I want to create a word processor. It seems like a useful project because I have strong feelings about how modern big word processors like MS Word and Open Office don't do things right, so my solution is to make one with more modest features but with the huge advantage of working the way I want it to work. It seems like a fun and rewarding project, but it is also challenging and I am doing it single-handedly, so I look to the internet for help and ideas.
A project like this is too big and complicated to just leap into it. I need to break it into small well-designed pieces that I can work on independently and build up to a working word processor. This seems obvious and it is a basic principle of good design, but it is troublesome because a word processor seems so monolithic by nature. I can't see the natural dividing lines where I should break up my project, and every time I attempt to break it into pieces, the pieces end up confused and tightly coupled. I think I may need advice from someone more wise than myself in the ways of object-oriented design, since I'm sure that object-oriented programming is the way to go here.
Best of all would be to look at the design of an existing word processor, perhaps something open-source, but it's really not easy to get something good. I don't want something monolithic that I can't understand, and I don't want a mere text-editor that's so simple that it could never be expanded to work on proper documents. I intend to use a piece table data structure for the text, because that is naturally superior for large documents, but examples I find on the web seem to like using gap buffers or other inferior structures. A gap buffer may work, but it involves copying text around needlessly.
The principles of a piece table are simple enough that there's no reason not to use it, in my opinion, but using it tends to flavor everything else in the project.
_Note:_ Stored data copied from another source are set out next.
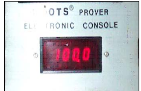
ELECTRONIC TESTING CONSOL
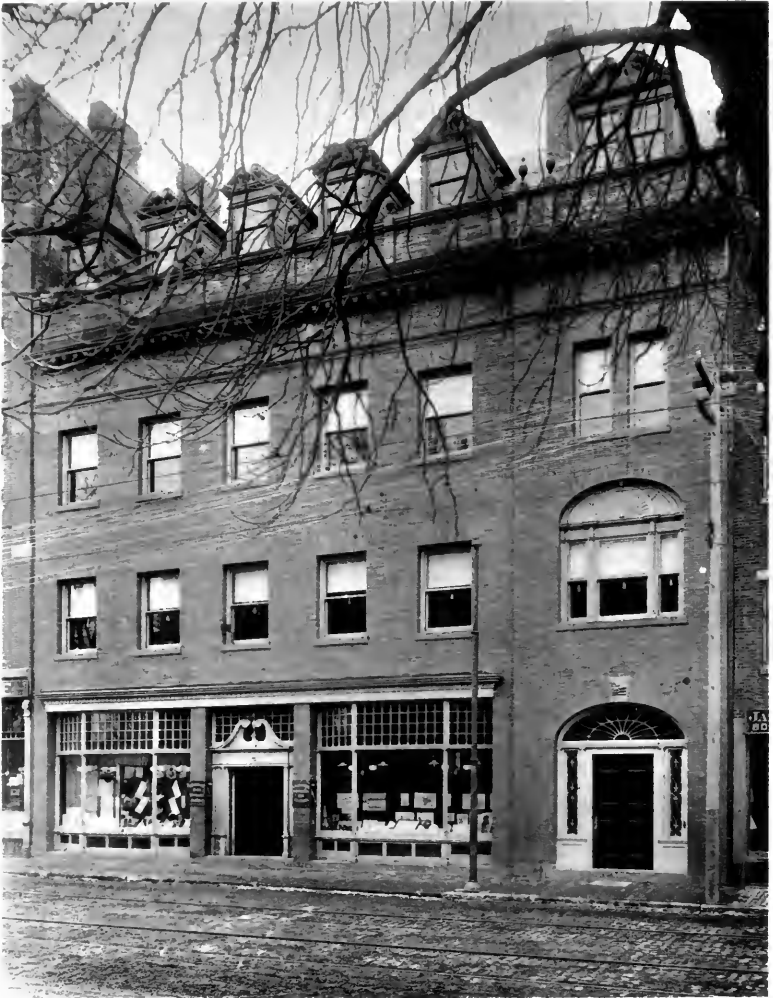
NEW CLUB HOUSE
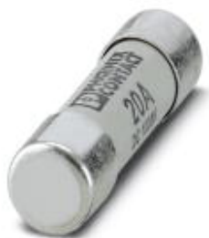
Fuse, 10.3x38 mm, up to 1000 V DC, gPV characteristics

Please be informed that the data shown in this PDF Document is generated from our Online Catalog. Please find the complete data in the user's documentation. Our General Terms of Use for Downloads are valid ( http://phoenixcontact.com/download )
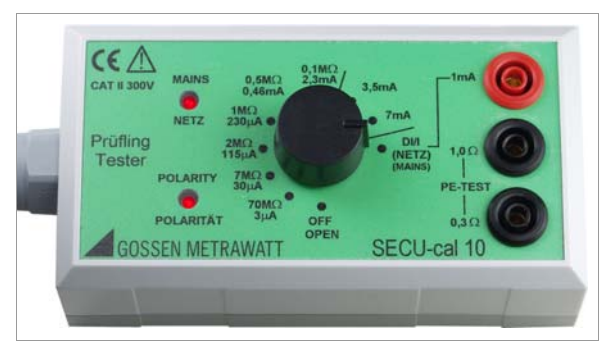
All limit values for the required tests per DIN VDE, as well as protective conductor resistance, insulation resistance, equivalent leakage current, differential and/or contact as well as housing leakage current must be tested.

DIN VDE 0701-0702 and IEC 62353 (VDE 0751-1). As a rule, these instruments must be tested once each year, as set forth by accident prevention regulation BGV A3 (previously VBG 4) as well as for certification in accordance with the ISO 9000 quality standard.
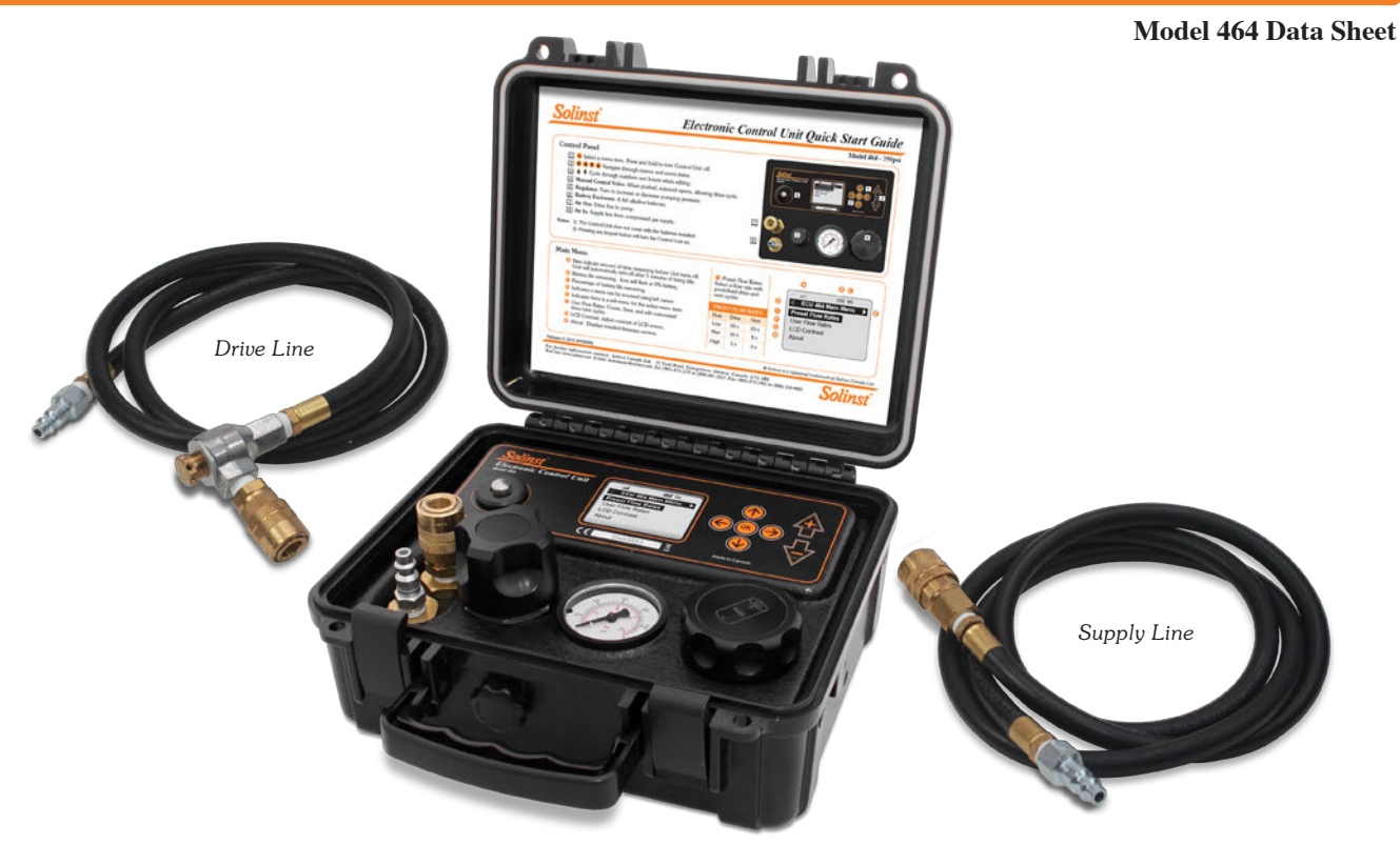
464 Electronic Pump Control Unit

A piece table tends to be represented using a linked list and so it is unsuited to using character index numbers for access. When you are using a gap buffer, you can access then 521st character in the document (for example) in constant time, but when you have a piece table you would need to search from the beginning of the document to find which character is the 521st. Fortunately there is nothing in the nature of a word processor that says being able to look up the 521st character should be fast. A word processor only needs to know where the currently visible part of the document starts and iterate through the document from that point until the screen is filled with text, which is more suited to a linked list than an array. Unfortunately, the best examples that I've found on the internet so far throw character index numbers all over the place, making it very difficult to use any of it in a piece table design. Most frustrating of all are the piece tables that conform to a character-index interface, and thereby practically destroy the advantages of the piece table.
Even if it makes the project more difficult, I am committed to making something with quality, something that uses a piece table, even if that means that I can't take advantage of existing libraries that depend on character index numbers. I have reluctantly discarded more than one such library.
With the right design, any project no matter how huge, becomes simple. I'd just like to find something that clearly shows how a word processor is organized. I imagine it would take the form of a graph that shows data flowing along arrows through nodes that manipulate the data, like you would have with a compiler or a graphics renderer. Or perhaps it should be represented as layers like an operating system. Has anyone ever seen a picture of a word processor broken down into pieces like that?